Just to be clear, we have no objection to hunting and fishing as either recreational pursuits or environmental necessities. We also understand that Daniel Boone first was lured over the Cumberland Gap by the propensity and variety of game in the state. This is important stuff.
But is it so important to rank as a principle point in the governmental structure of our state? Do they know of any imminent threat to our freedom to hunt and fish?
No and no.
We were stunned to see a sample ballot for the election and to find the amendment listed, and we immediately started to ask who was raising threats to these long-time leisure and economic concerns and why it was a matter on par with the other elements covered in constitutional amendments, such as the right to free speech, the right to worship as you see fit, the right to bear arms and foundational pursuits of life, liberty and happiness.

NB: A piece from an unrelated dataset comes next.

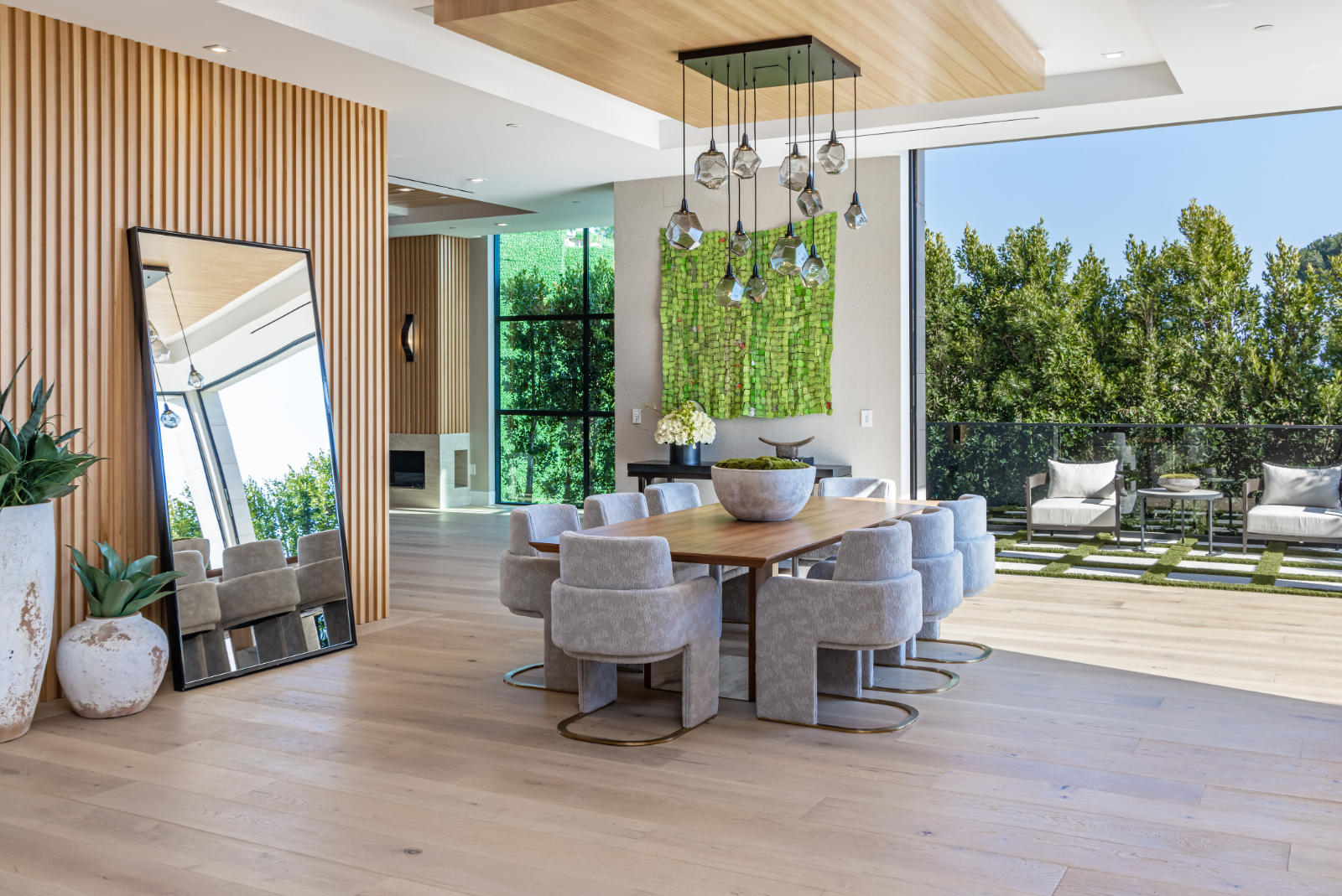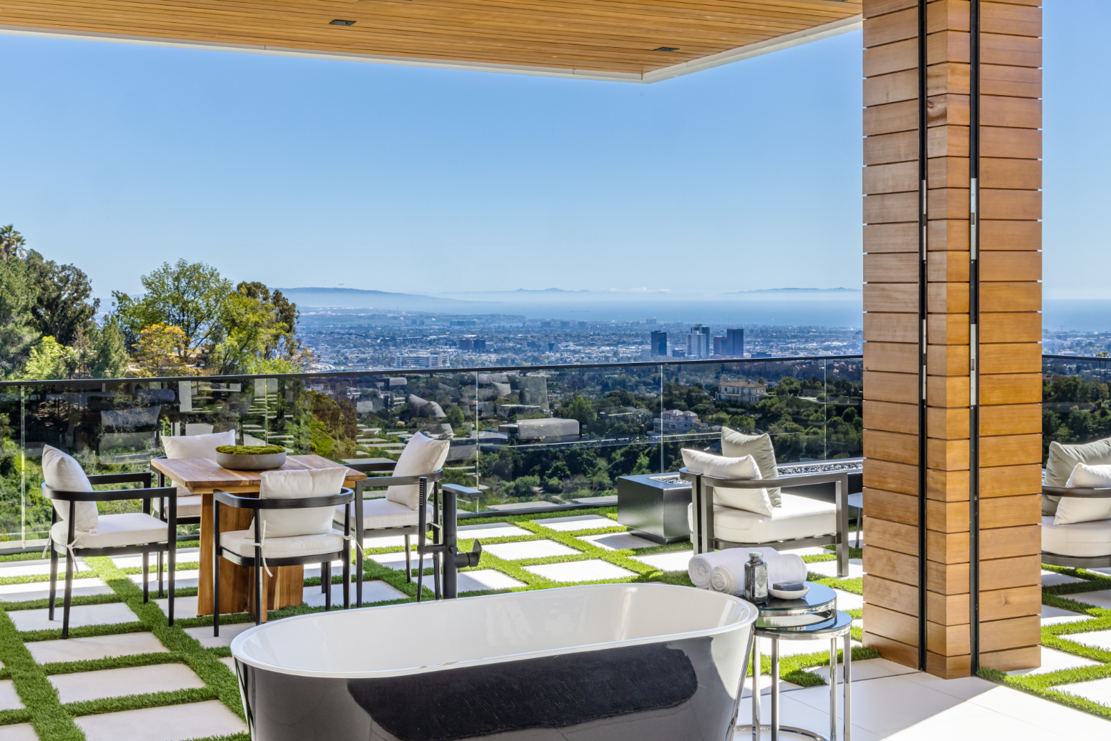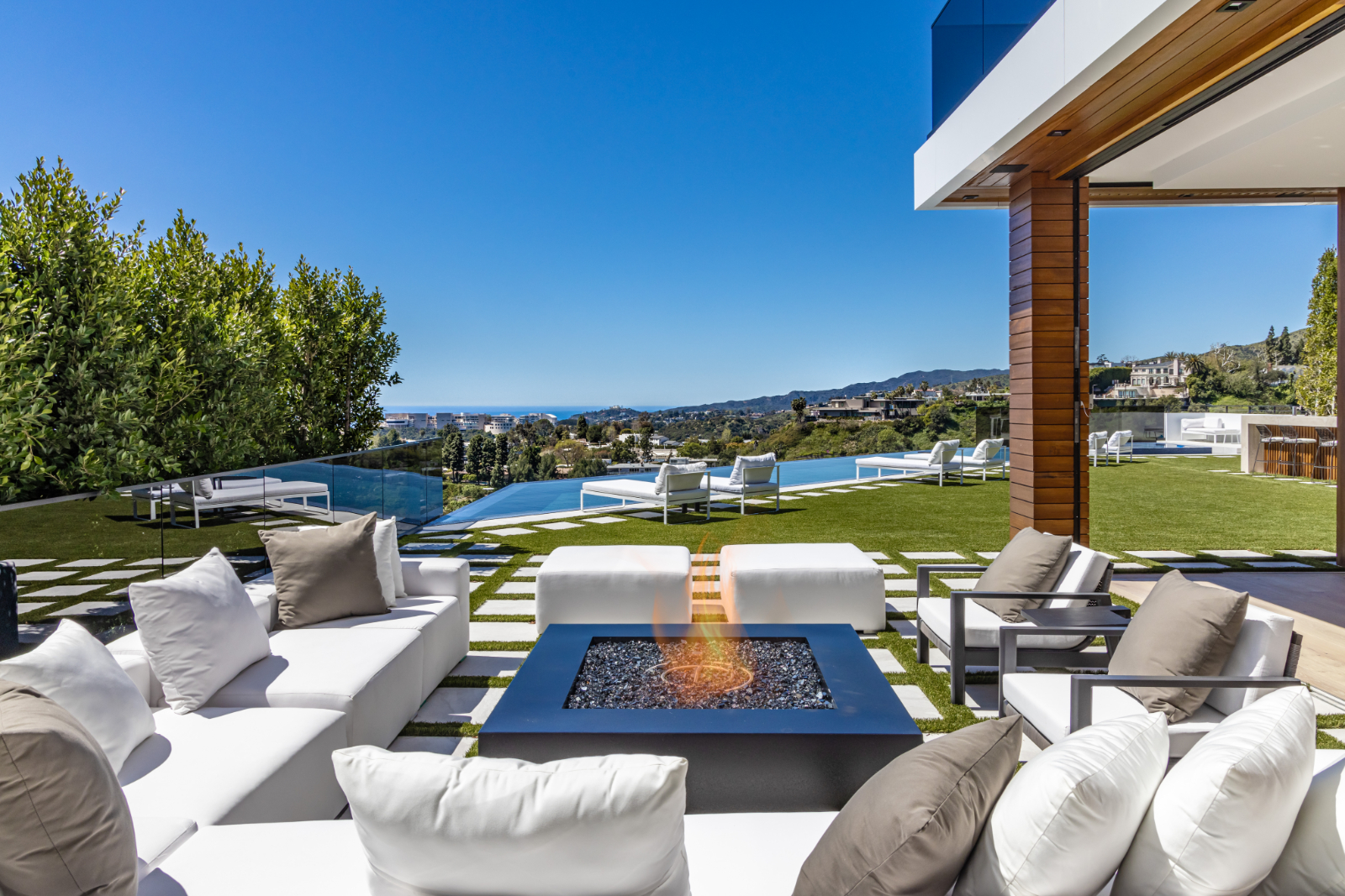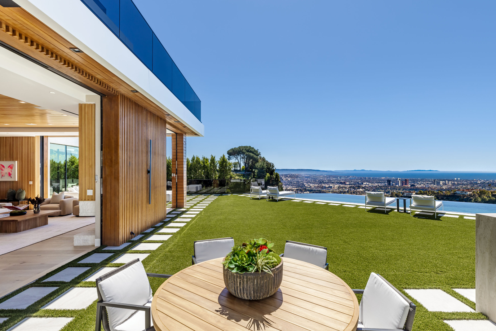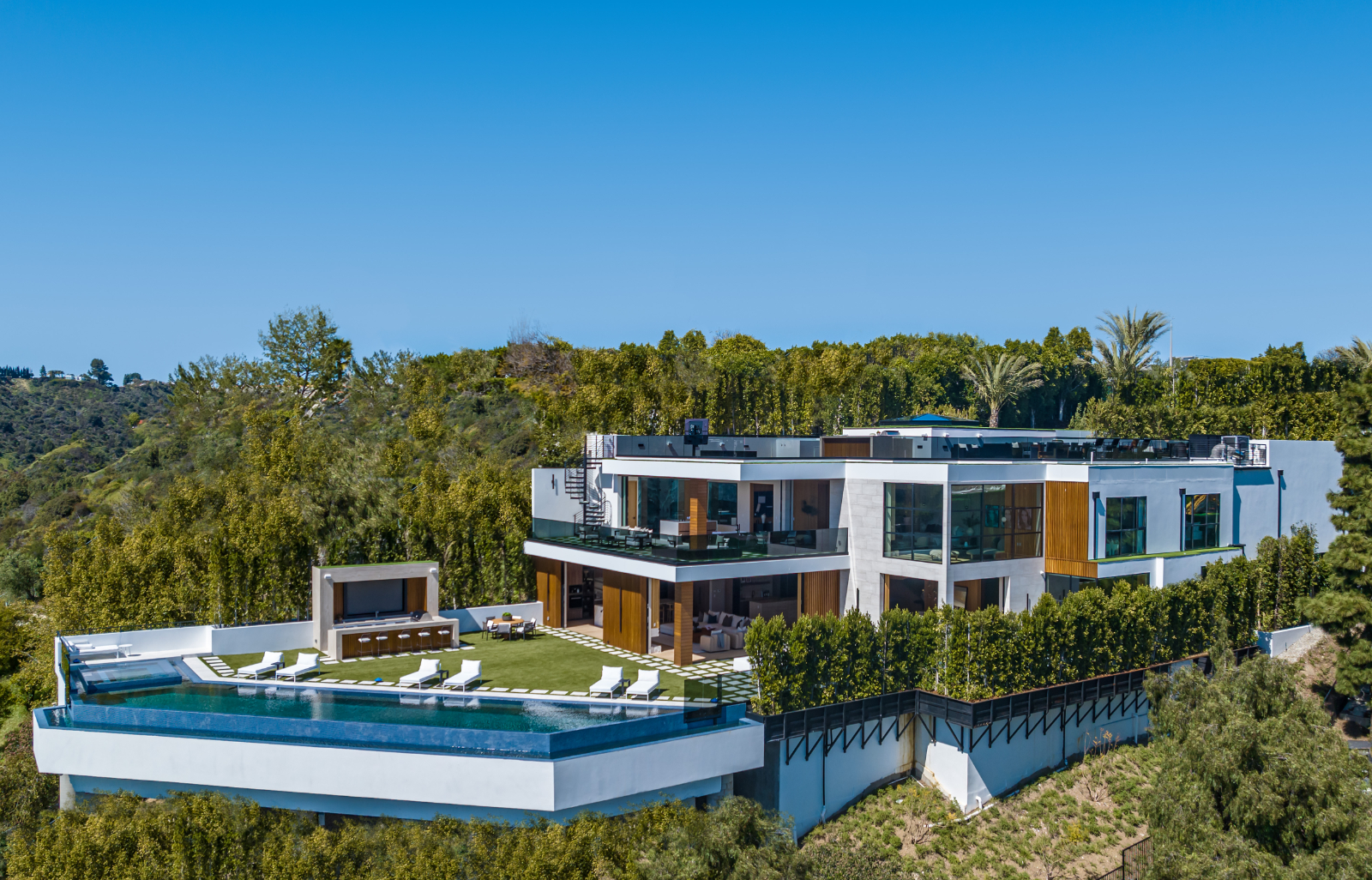 string(3422) "Presenting the resplendent and unmissable Bel Air Escape, a newly completed 2023 masterpiece imagined and constructed by award-winning designer/developer Ramtin Ray Nosrati. With flawless execution and superior design, this immaculate residence of stylish appeal provides a fantastic refuge in one of the most prestigious and coveted locales with spectacular ocean views from every room. Enter through sleek oversize privacy gates and descend a long, estate-like driveway to discover a clean and warm contemporary frame unified in harmony with lush landscaping and rich, organic gardens. Upon arrival, guests are greeted by soothing water features and a reflecting pool alongside a vertical living plant wall. Inside, the home's foyer is a celebration of life and nature, as a cylindrical awe-inspiring living moss wall is illuminated by natural light via a16-foot circular skylight overhead. Down the spiral staircase, open living spaces are positioned with quintessential indoor/outdoor lifestyle in mind. Walls of glass frame spellbinding vistas, and the finest materials converge to form an environment of optimal comfort and luxury. An elegant dining room flows effortlessly into the massive great room with picturesque stone fireplace and oversize wine room with tasting area that is as functional as it is beautiful. A showpiece of the public entertaining spaces, an immaculate travertine-clad bar rivals even the poshest speakeasy. Nearby, the family room is centered by an additional fireplace with fine wood detail, flanked by giant pops of blue sky, ocean, cityscape, and Getty. The custom culinary center is a gourmand's dream, with state-of-the-art appliances, adjacent chef's prep area with restaurant-grade walk-in refrigerator, striking finishes, oversize island, and artistic geometric cutouts for displaying art pieces and chic decor. The show-stopping gym will impress the most devout fitness enthusiast, and the home cinema affords ample room for visitors to stretch, recline, and relax while screening films. Impressive woodwork is repeated in the primary suite with its fireplace and wraparound deck with fire pit and sweeping views. The decadent spa-inspired bath has an oversize rainwater shower dressed in dazzling book matched stone slabs, a zen soaking tub, and sizable dual-sink vanity. A jaw-dropping double walk-in dream closet and dressing room showcases the highest in fashion and finery.Other amenities in this expansive open floorplan include high ceilings throughout, resort-style tropical landscaping, parking for six cars, smart-home system, and automated security. Outside, experience supreme entertainment atop multiple lounging patios and viewing decks. Enjoy a rooftop lounge complete with bar, large tv, built-in barbecue, and putting green. There is also an outdoor dining room, outdoor kitchen with bar plus huge flat-screen tv for your outdoor entertainment, grassy play areas, spa, and a massive 80-foot zero-edge infinity-edge pool looking out to incredible city and ocean vistas that truly must be seen to be believed. Apart from all of this, flat usable land is available and perfect for adding a sports court, pickleball court or tennis court. This remarkable property promises enduring amusement and endless leisure, secluded from the city yet located just moments to Beverly Hills, the famed Sunset Strip, and the very best of the Westside. Welcome to the extraordinary."

Proponents of the amendment say that this language would be in place to counter any potential threat to hunting and fishing. But even they admit there is no such opposition within their telescopic sights.
Unsurprisingly, some – dare we say the vast majority? – of the most avid outdoors enthusiasts among you haven’t even heard of this amendment and have no clue why it might be appropriate, other than simply to speculate on the future.
After all, that’s what appears to be happening in the General Assembly. As House President Greg Stumbo (D-Prestonsburg), the bill’s author, said: “You never know when something might pop up.”
State Rep. Brad Montell (R-Shelbyville) and state Sen. Paul Hornback (R-Shelbyville) have said they agree with being cautious.
Doesn’t this seem a bit fishy?
We have laws to address issues involving hunting and fishing. We have a state cabinet to oversee it. We have a federal cabinet to oversee it. We don’t have either of those clamoring for constitutional privilege.
Yet, we have this amendment on the ballot for your consideration, and we have little doubt that it will pass, just as it has in 12 other states, albeit at least one of them back before we had very much experience in constitutional law (see Vermont, 1777).
We fear, however, that this will establish a pattern of opportunity that will make it difficult for legislators who are easily swayed by external influences to say “no” to other constitutional requests.
Could you imagine constitutional amendments that say owning horses, driving Fords, mining coal or drinking bourbon are principle rights of Kentuckians and are forever part of our governmental structure?
All of those are more influential than hunting and fishing in our state and are under far more frequent fire, if you will. But would they deserve such reinforcement? Of course not.
And neither should hunting and fishing.
Legislatures in some states argue about real issues of public good, about whether to require a balanced budget or allow people of the same sex to marry or to limit terms in state office (as Kentucky has). We certainly have issues with paying for Medicaid and restructuring our state pensions.
But now, with this amendment, we can argue that we can shoot and hook any prey we want, it’s our constitutional right, by gum it.